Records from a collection
-- Opening Marker --

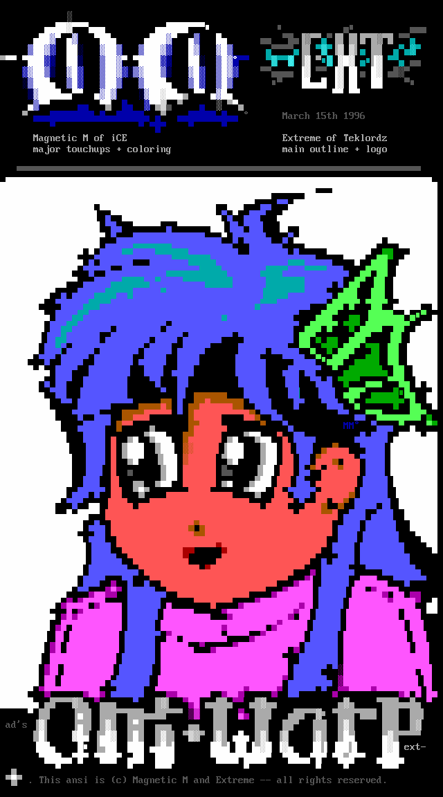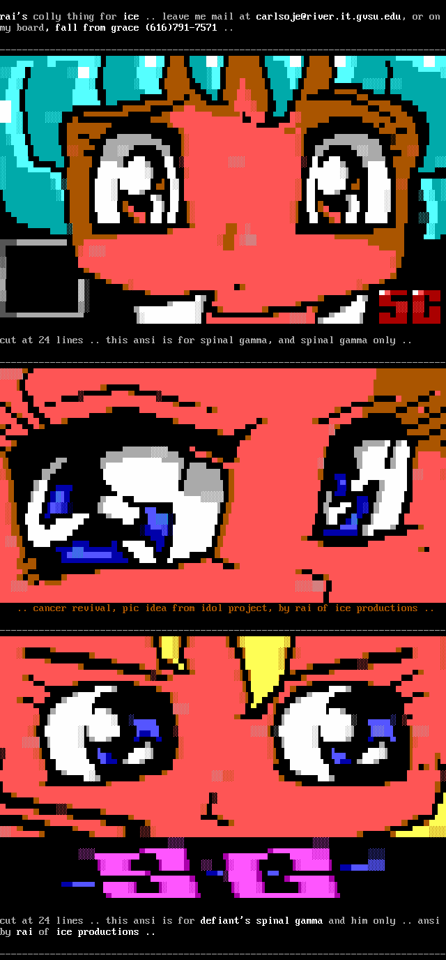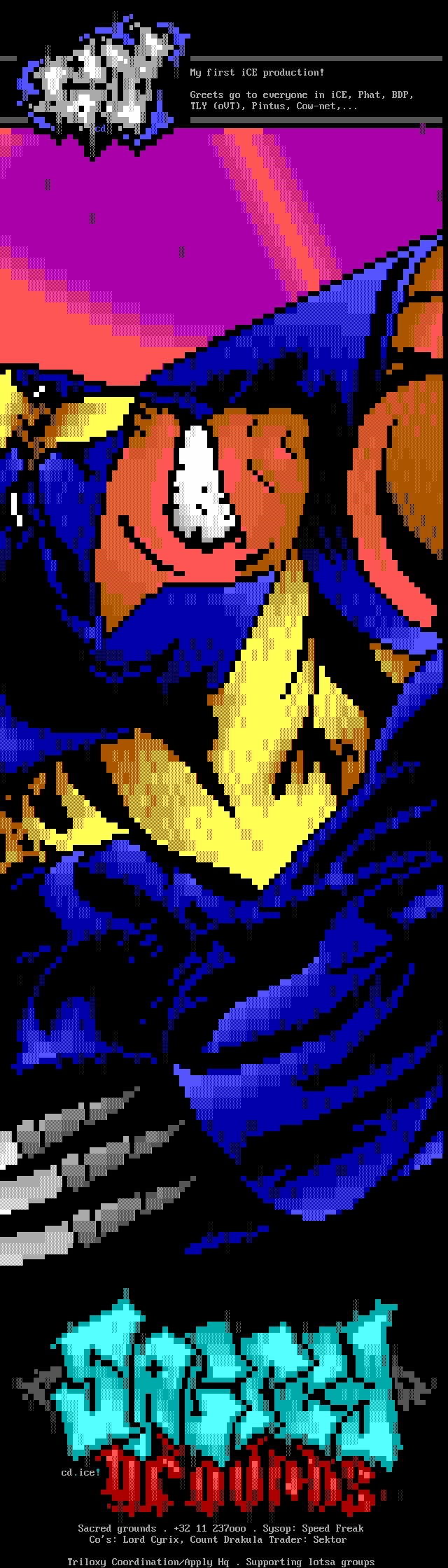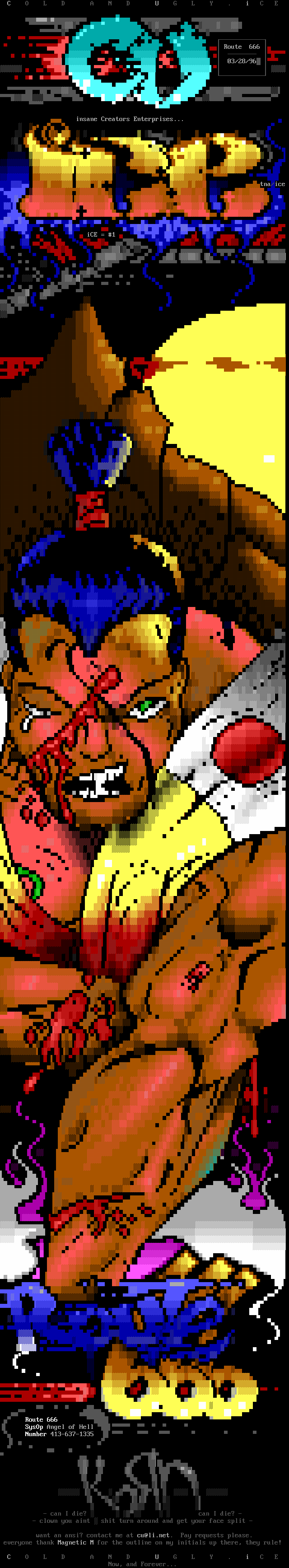 6. iCE would like to welcome another large batch of new artists to the group! In ANSI, we welcome Grendel, Grindstone, and Zarkon. In VGA, Shiva and Stolen Faith join the happy family. Also, Lintec joins us as a member.
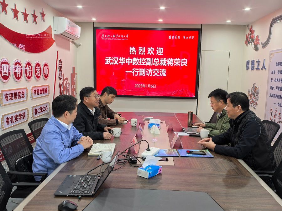 1月6日上午,武汉华中数控副总裁蒋荣良一行3人到访我院,学院院长张友能、学院党委书记余亮彬接待来访客人。
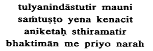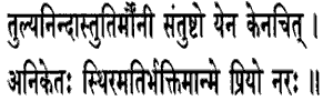 19. He who is the same to foe and friend, and also in honor and dishonor ; who is the same in cold and heat, in pleasure and pain ; who is free from attachment ; to whom censure and praise are equal ; who is silent, content with anything, homeless, steadyminded, full of devotion ; that man is dear to me.He has no attachment for objects of any kind. He is content with the bare means of bodily sustenance. It is said (in the Mahabharata): Who is clad with anything, who is fed on any food, who lies down anywhere, him the Gods call a brahmana. (Santi parva, MokshaDhrama, 24512) He has no fixed abode, he is houseless as has been said in another smriti. His thought is fixed steadily on the Supreme Reality.The enumeration, which was commenced in xii. 13, of the various attributes of the samnyasinsto the worshippers the Akshara who are constantly devoted to the knowledge of the Supreme Realityis concluded as follows:
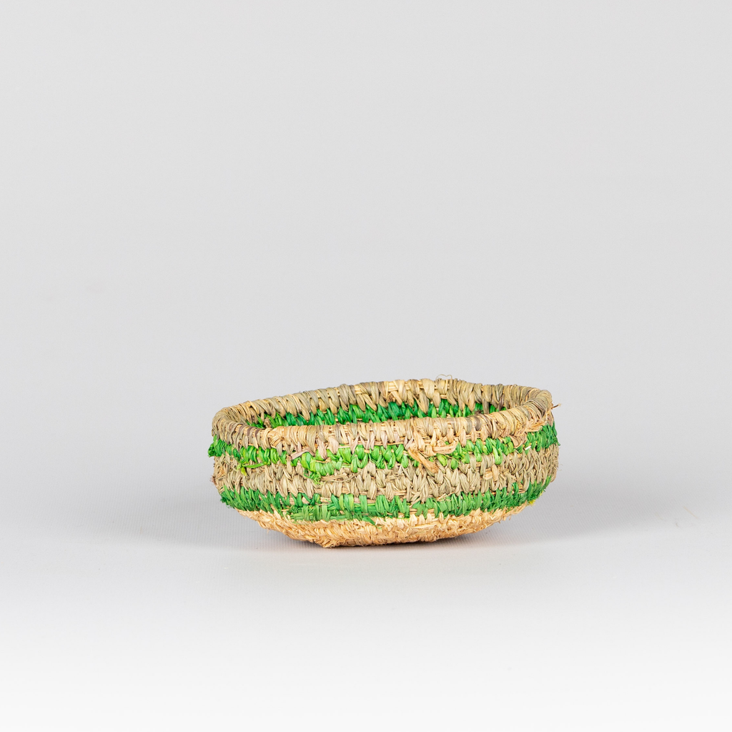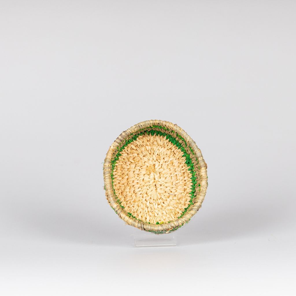 This small coiled basket was handmade by fibre artist Rene Nelson, using Tjanpi (desert grass) and raffia. Compact and full of character, it reflects the creative strength and cultural knowledge of women living on Country.
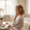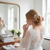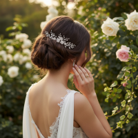 Let the sumptuous silver of this gleaming piece crown your beautiful day. Decadent silver vine leaves are highlighted by Marquise brilliant cut opal crystals and shimmering simulated ivory pearls will enchant onlookers and bring an ethereal aura to your magical day. Details; High quality clay rose flowers, simulated ivory pearls. High shine silver finish. Dimensions; 10.5cm x 5cm
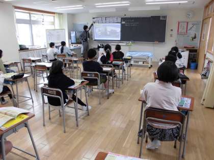 6年生は国語。つないで、つないで、一つのお話・・・つながりましたか。
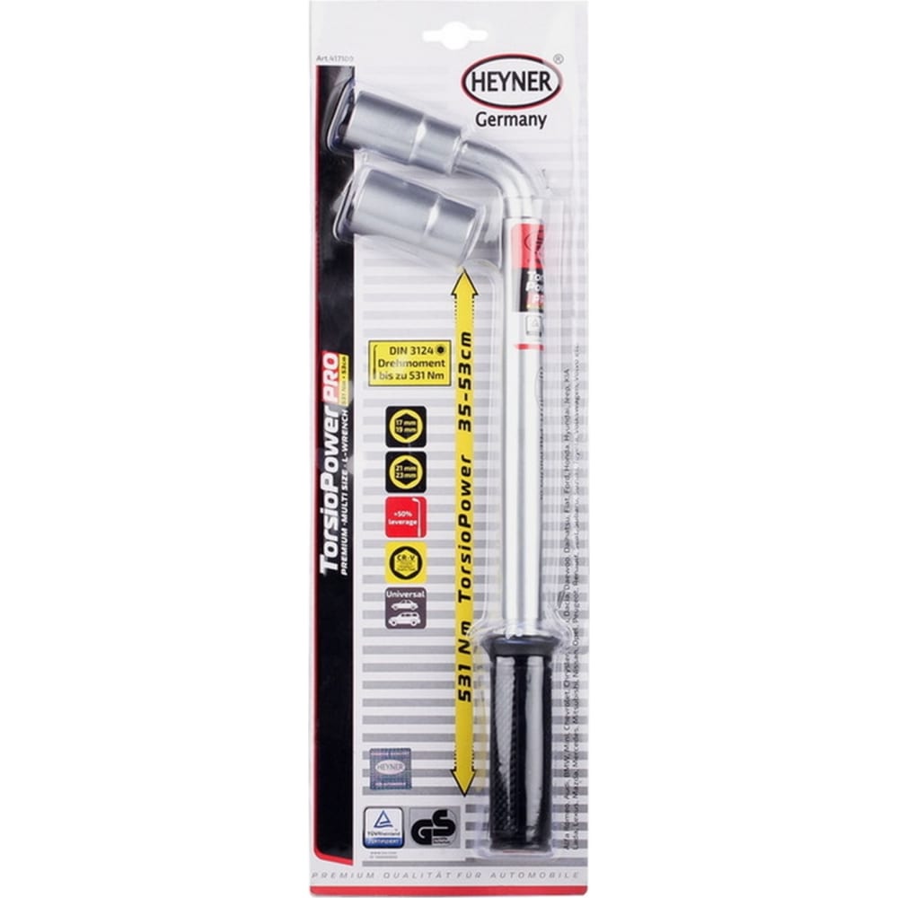 Телескопический баллонный ключ Heyner 17/19; 21/23 max до 53 см 417100 подходит для ремонта практически любого автомобиля. Телескопическая рукоятка выдвигается до 53 см, что обеспечивает комфортный доступ к крепежу в труднодоступных местах. Инструмент выполнен из высококачественной хромованадиевой стали. Материал отличается надежностью и долговечностью. В комплекте универсальные насадки 17х19 и 21х23 мм.
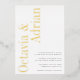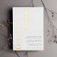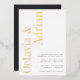 A modern and minimal typography based wedding invitation featuring your names in gold foil serif lettering, running vertically up the left side of the card. Personalize with your wedding details aligned at the lower right.
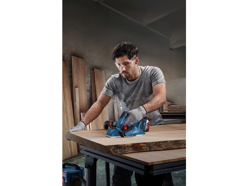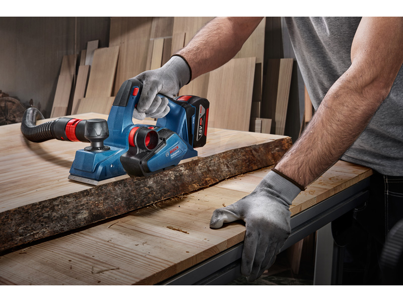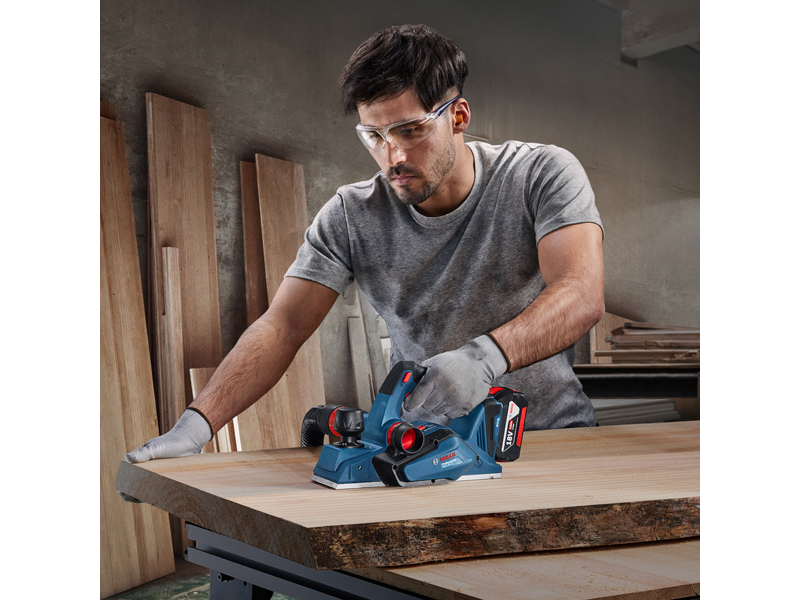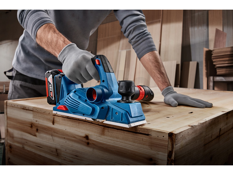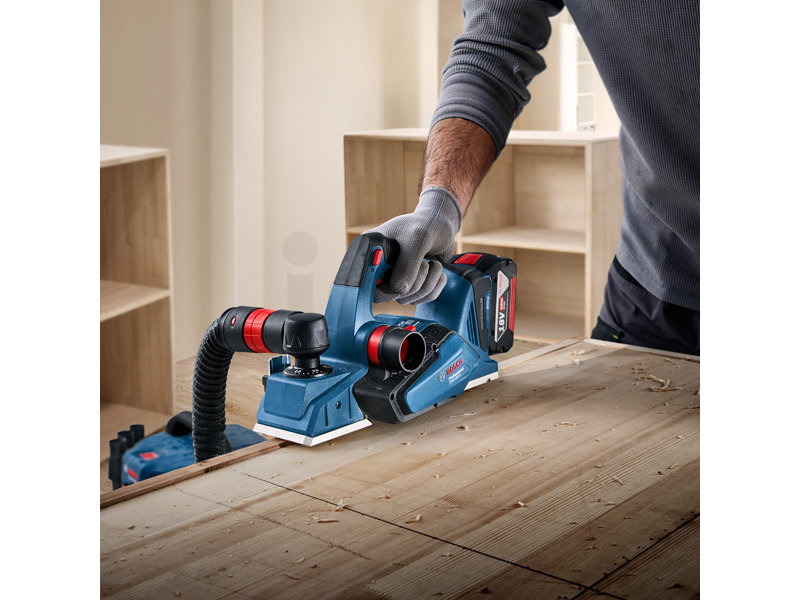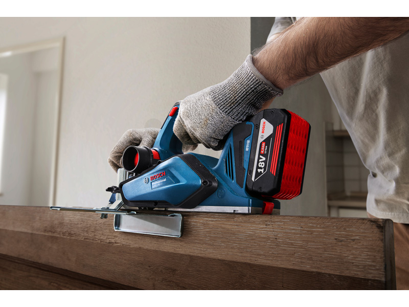 Akumulátorový hoblík GHO 185-LI, GHO 185-LI Professional zaručuje díky své přesné konstrukci konzistentně rovnou plochu v průběhu celého pracovního procesu pro dokonalejší spojování. Akumulátorový hoblík umožňuje snadné hoblování o hloubce 2,6 mm na jakémkoli dřevěném materiálu. Jeho výkon je srovnatelný s výkonem síťového nářadí. Je vybaven vylepšeným odsáváním prachu přes příslušný otvor s dvojitým sekáním a snadnou výměnou nože bez zarovnání pro snadné dosažení konzistentní roviny. GHO 185-LI Professional je vhodná na hoblování přírodních i opracovaných dřevěných materiálů a na odstraňování materiálů pro vytvoření rovného povrchu. Vodicí konzola (1 619 PB4 338); Sáček na prach (1 619 PC1 532); Montážní klíč (1 619 PC1 531); Kartonový box

-- Closing Marker --

→ **Work to complete**: Keeping the pictures out, output the records from above exactly and completely.

→ **Written reply**:
 6. iCE would like to welcome another large batch of new artists to the group! In ANSI, we welcome Grendel, Grindstone, and Zarkon. In VGA, Shiva and Stolen Faith join the happy family. Also, Lintec joins us as a member.
 1月6日上午,武汉华中数控副总裁蒋荣良一行3人到访我院,学院院长张友能、学院党委书记余亮彬接待来访客人。
 19. He who is the same to foe and friend, and also in honor and dishonor ; who is the same in cold and heat, in pleasure and pain ; who is free from attachment ; to whom censure and praise are equal ; who is silent, content with anything, homeless, steadyminded, full of devotion ; that man is dear to me.He has no attachment for objects of any kind. He is content with the bare means of bodily sustenance. It is said (in the Mahabharata): Who is clad with anything, who is fed on any food, who lies down anywhere, him the Gods call a brahmana. (Santi parva, MokshaDhrama, 24512) He has no fixed abode, he is houseless as has been said in another smriti. His thought is fixed steadily on the Supreme Reality.The enumeration, which was commenced in xii. 13, of the various attributes of the samnyasinsto the worshippers the Akshara who are constantly devoted to the knowledge of the Supreme Realityis concluded as follows:
 This small coiled basket was handmade by fibre artist Rene Nelson, using Tjanpi (desert grass) and raffia. Compact and full of character, it reflects the creative strength and cultural knowledge of women living on Country.
 Let the sumptuous silver of this gleaming piece crown your beautiful day. Decadent silver vine leaves are highlighted by Marquise brilliant cut opal crystals and shimmering simulated ivory pearls will enchant onlookers and bring an ethereal aura to your magical day. Details; High quality clay rose flowers, simulated ivory pearls. High shine silver finish. Dimensions; 10.5cm x 5cm
 6年生は国語。つないで、つないで、一つのお話・・・つながりましたか。
 Телескопический баллонный ключ Heyner 17/19; 21/23 max до 53 см 417100 подходит для ремонта практически любого автомобиля. Телескопическая рукоятка выдвигается до 53 см, что обеспечивает комфортный доступ к крепежу в труднодоступных местах. Инструмент выполнен из высококачественной хромованадиевой стали. Материал отличается надежностью и долговечностью. В комплекте универсальные насадки 17х19 и 21х23 мм.
 A modern and minimal typography based wedding invitation featuring your names in gold foil serif lettering, running vertically up the left side of the card. Personalize with your wedding details aligned at the lower right.
 Akumulátorový hoblík GHO 185-LI, GHO 185-LI Professional zaručuje díky své přesné konstrukci konzistentně rovnou plochu v průběhu celého pracovního procesu pro dokonalejší spojování. Akumulátorový hoblík umožňuje snadné hoblování o hloubce 2,6 mm na jakémkoli dřevěném materiálu. Jeho výkon je srovnatelný s výkonem síťového nářadí. Je vybaven vylepšeným odsáváním prachu přes příslušný otvor s dvojitým sekáním a snadnou výměnou nože bez zarovnání pro snadné dosažení konzistentní roviny. GHO 185-LI Professional je vhodná na hoblování přírodních i opracovaných dřevěných materiálů a na odstraňování materiálů pro vytvoření rovného povrchu. Vodicí konzola (1 619 PB4 338); Sáček na prach (1 619 PC1 532); Montážní klíč (1 619 PC1 531); Kartonový box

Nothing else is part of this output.